Every packet has a six-bit header. The first three bits give a "version number" for the packet. The next three bits give a "type ID". That part's easy.

Then there are a series of rules about the rest of the information in the packet.

Literals

If the type ID is 4, the packet is a "literal". We then parse the remainder of the packet in 5-bit chunks. The first bit tells us if it is the last chunk of the packet (0 means yes, 1 means there are more chunks). The four other bits in the chunk are used to construct the binary number that forms the "value" of the literal. The more chunks, the higher the number can be.

Operator Sizes

Packets that aren't literals are operators. This means they contain a variable number of subpackets.

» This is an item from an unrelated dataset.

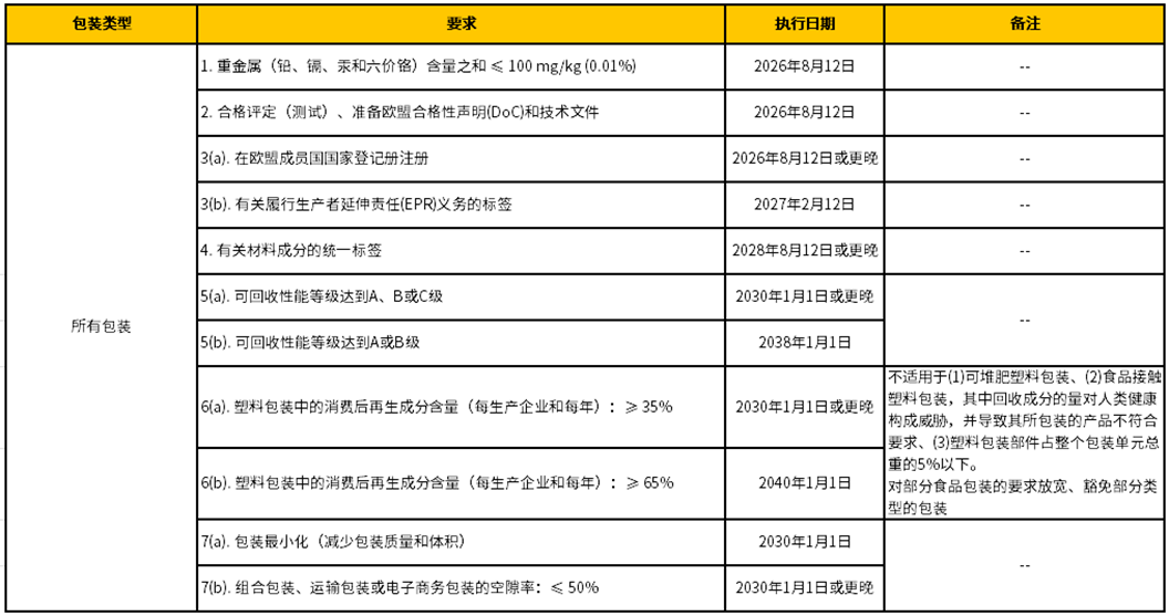 2025年2月11日生效!歐盟發(fā)布包裝和包裝廢棄物法規(PPWR)歐盟議會(huì )和理事會(huì )于2024 年12月19日通過(guò)了《包裝和包裝廢物法規(EU) 2025/40 》(簡(jiǎn)稱(chēng)“PPWR”),該法規于2025年1月22日正式發(fā)布,2025年2月11日生效。新規將全面禁止在食品接觸材料中使用PFAS并對包裝材料中回收材料含量設定了嚴格的標準?! PWR 列出了截至 2040 年的關(guān)鍵日期和期限?! 〉?2025 年 12 月 31 日: 1. 歐盟成員國要實(shí)現所有包裝廢棄物的65%的回收率(按重量計算),具體材料的目標如下:木材25%;鋁或塑料50%;黑色金屬或玻璃70%;紙和紙板75%?! ?. 歐盟成員國必須向歐盟委員會(huì )和歐洲化學(xué)品管理局提交有關(guān)對包裝材料的再利用和回收產(chǎn)生負面影響的任何物質(zhì)的信息?! ?. 歐盟成員國可以選擇使用默認年份 2018 年以外的基準年來(lái)實(shí)現減少人均包裝垃圾的目標?! ∫韵率菤W盟PPWR法規對歐盟普通包裝的制造商和進(jìn)口商的基本技術(shù)要求: PPWR 關(guān)于可持續包裝的主要內容: 包裝減量目標:要求到 2030 年減少 5% 的包裝使用量,到 2035 年減少 10%,到 2040 年減少 15%?! “b可回收性要求:除輕質(zhì)木材、軟木等材料外,所有包裝材料都必須滿(mǎn)足嚴格的可回收性標準。到2030年,所有包裝必須是可回收的,并且提出了可回收性評級標準:A-C,A是95%,B是80%,C是70%,低于70%將被禁止?! ∷芰习b回收目標和再生材料含量目標:PPWR要求到2025年,塑料包裝回收率達到50%;到2030,回收率達到55%,并且對不同塑料包裝應用提出了再生含量強制目標。到 2040 年,一次性塑料飲料瓶的再生材料含量需達到 65%,PET 接觸敏感包裝需達到 50%,其他包裝需達到 65%?! ∫淮涡运芰巷嬃先萜鞯幕厥漳繕耍旱?2029 年,90% 的一次性塑料和金屬飲料容器(容量不超過(guò)三升)需通過(guò)押金返還系統或其他有效方式單獨回收?! 撕?、標識和信息要求:要求包裝標明材料成分或回收含量,幫助消費者分類(lèi)和選擇?! ∠拗埔淮涡运芰习b:限制對 1.5 千克以下的水果和蔬菜進(jìn)行預包裝、酒店等場(chǎng)所內提供的灌裝和消費類(lèi)食物和飲料等多種一次性塑料包裝的使用?! ≡倮媚繕撕椭貜吞钛b義務(wù):設定了 2030 年強制性再利用目標,運輸和銷(xiāo)售包裝的強制性再利用目標為 40%,組合包裝的目標為 10%。外賣(mài)商家必須為顧客提供自帶容器的選擇??偨Y 《歐盟包裝與包裝廢棄物法規》(PPWR)是歐盟為應對包裝廢棄物問(wèn)題而采取的全面措施,旨在通過(guò)嚴格的可持續性要求、回收目標和市場(chǎng)監督機制,推動(dòng)包裝行業(yè)向循環(huán)經(jīng)濟轉型。這一法規的實(shí)施將對全球包裝行業(yè)產(chǎn)生深遠影響,推動(dòng)企業(yè)采用更環(huán)保的包裝解決方案,減少對環(huán)境的負面影響。來(lái)源:中塑在線(xiàn)(R-11) 2025-02-13 【節能環(huán)?!?/div>

Operators have one bit (after the 6-bit header) giving a "length" type. A length type of "1" tells us that the following 11 bits give the number of subpackets. If the length bit is "0", then the next 15 bits give the length of all the subpackets in bits.

The Packet Structure

We'll see how these work out as we parse them. But with this structure in mind, one thing we can immediately do is come up with a recursive data type for a packet. I ended up calling this PacketNode since I thought of each as a node in a tree. It's pretty easy to see how to do this. We start with a base constructor for a Literal packet that only stores the version and the packet value. Then we just add an Operator constructor that will have a list of subpackets as well as a field for the operator type.

data PacketNode =
  Literal Word8 Word64 |
  Operator Word8 Word8 [PacketNode]
  deriving (Show)

Once we've parsed the packet, the "questions to answer" are, for the easy part, to take the sum of all the packet versions in our packet, and then to actually calculate the packet value recursively for the hard part. When we get to that part, we'll see how we use the operators to determine the value.

Solution Approach

The initial "parsing" part of this problem is actually quite easy. But we can observe that even after we have our binary values, it's still a parsing problem! We'll have an easy enough time answering the question once we've parsed our input into a PacketNode. So the core of the problem is parsing the ones and zeros into our PacketNode.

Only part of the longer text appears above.